Peut-être l’importance des derniers événements fera passer à la postérité cet ouvrage, qui ne mériterait pas ses regards par son style trop simple et trop négligé. Du moins les nations étrangères le demandent avec empressement, et les libraires leur ont déjà vendu toute leur édition par avance. Ce sera une grande consolation pour moi, si la justice que je vous ai rendue, et la circonspection avec laquelle j’ai parlé sur d’autres objets, sans blesser la vérité, peuvent trouver grâce devant vous et devant le public. La gloire, après tout, est l’unique récompense des belles actions ; tous les autres avantages passent, ou même sont mêlés d’amertume : la gloire reste, quand elle est pure.
J’ai beaucoup envié le bonheur qu’a eu madame Denis de vous renouveler ses hommages à Paris. J’ai cru que dans la résolution que j’ai prise de vivre avec moi-même, et de n’être plus l’aubergiste de tous les voyageurs de l’Europe, une Parisienne eût trop souffert en partageant ma solitude.
Je me suis dépouillé d’une partie de mon bien, pour la rendre heureuse à Paris. J’ai pensé qu’à l’âge de près de soixante-quinze ans, assujetti par mes maladies à un régime qui ne convient qu’à moi, et condamné par la nature à la retraite, je ne devais pas faire souffrir les autres de mon état.

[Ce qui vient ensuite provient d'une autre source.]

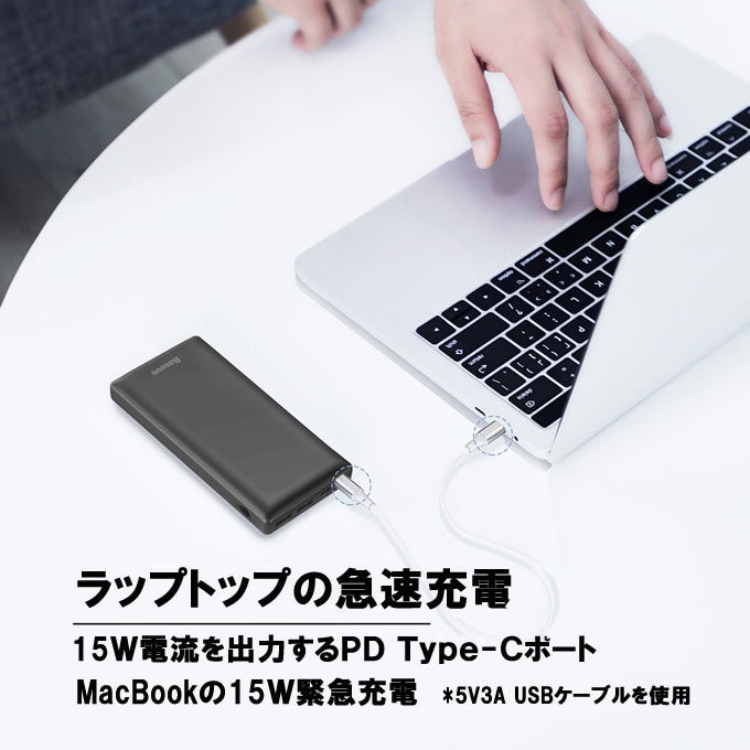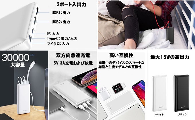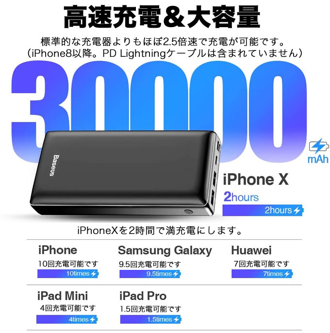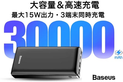 BaseusPowerBankMiniは30,000mAh大容量。最大15W出力でiPhoneやiPad、ゲーム端末、アクションカメラなど日常で使用している端末を何度も充電が可能です。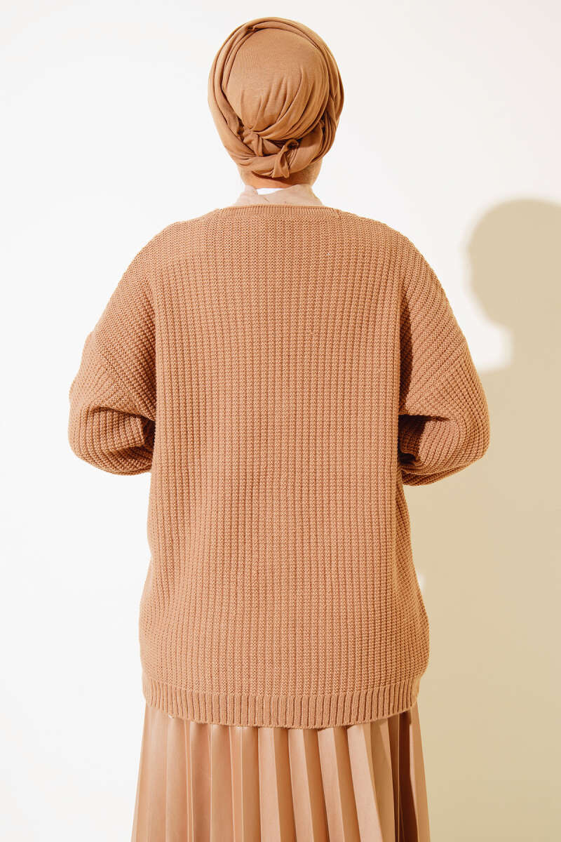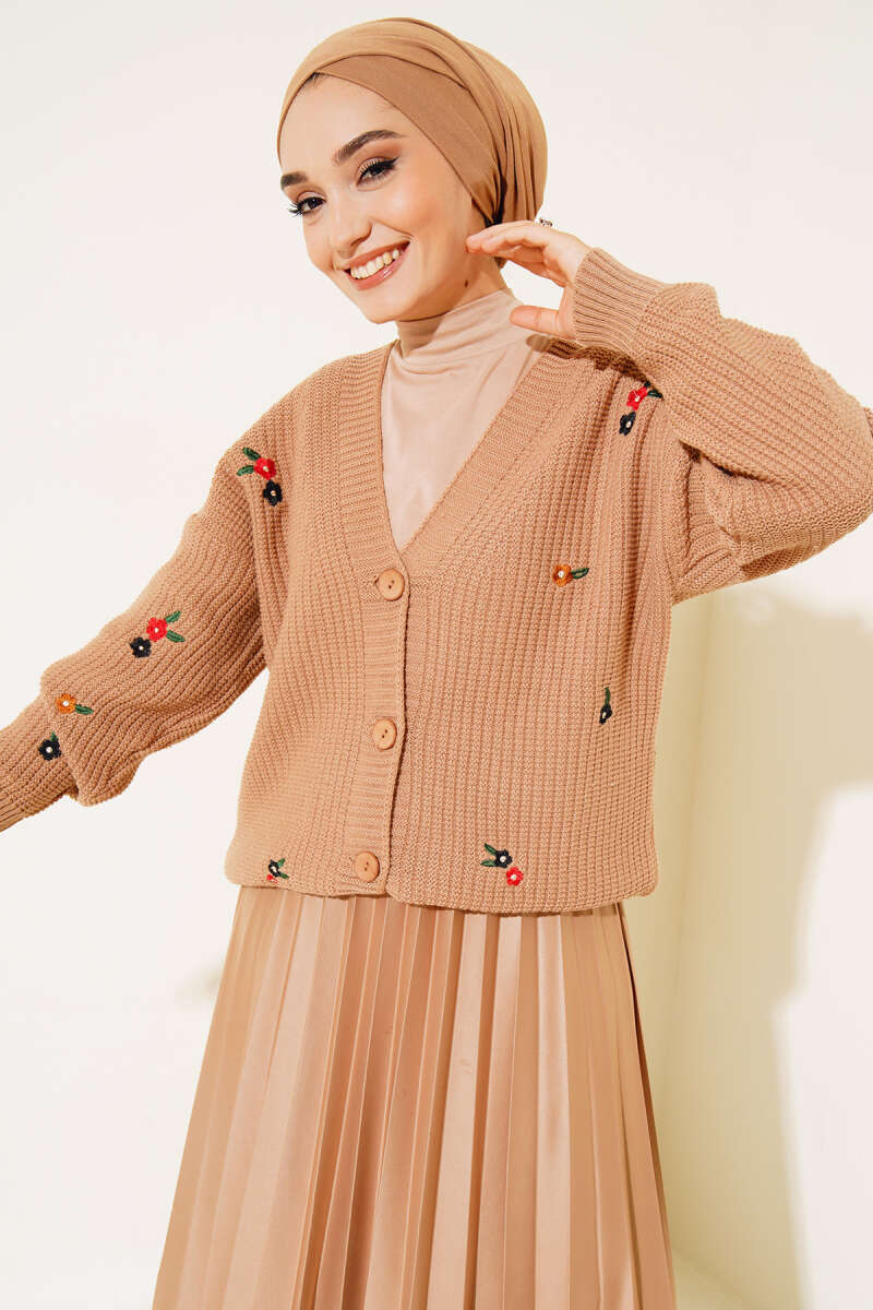 Çiçek Nakışlı Düğmeli Merserize Hırka Vizon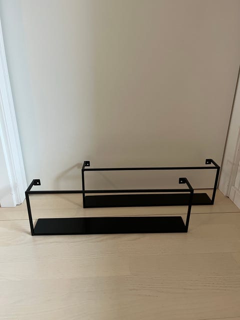 Två svarta vägghyllor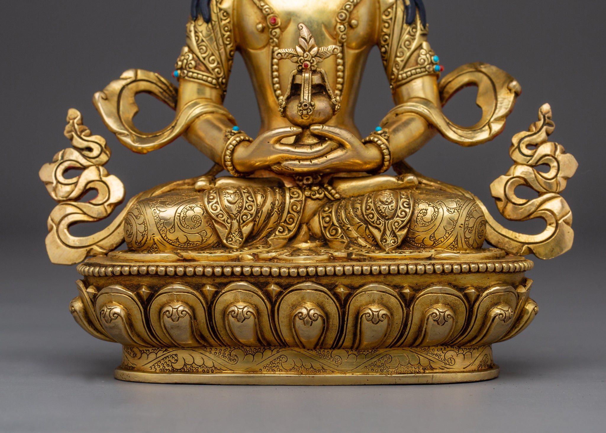 Amitayus Buddha is shown seated in a meditative pose atop a moon disc and lotus base, symbolizing purity and the awakened state. He holds a sacred vessel filled with the nectar of immortality, representing longevity and healing energy. His calm and compassionate expression radiates infinite wisdom and benevolence. With hands in the Dhyana Mudra—the gesture of deep meditation and focus—he embodies inner peace and spiritual clarity. Adorned in celestial robes that reflect his divine nature, Amitayus stands as the embodiment of long life, spiritual abundance, and the realization of heartfelt aspirations.

Les médecins m’avaient conseillé les eaux de Barèges, je ne sais pas trop pourquoi. Je n’ai point les maladies de Lekain, qui y est allé par leur ordre. Je n’espère point guérir, puisqu’il faudrait changer en moi la nature ; mais j’aurais fait volontiers le voyage pour être à portée de vous faire ma cour. J’aurais été consolé du moins en vous présentant encore, avant de mourir, mon tendre et respectueux attachement ; c’est un avantage dont j’ai été malheureusement privé. Il ne me reste qu’à vous souhaiter une vie aussi heureuse et aussi longue qu’elle a été brillante. Je me flatte que vous daignerez toujours me conserver des bontés auxquelles vous m’avez accoutumé pendant plus de quarante années.
Notre doyen (1) de l’Académie française va mourir, s’il n’est déjà mort. J’espère que le nouveau doyen sera plus alerte que lui, quand il aura quatre-vingt-cinq ans comme le sous-doyen.
Agréez, monseigneur, mon respect, mon dévouement inviolable, et mes souhaits ardents pour votre conservation comme pour vos plaisirs.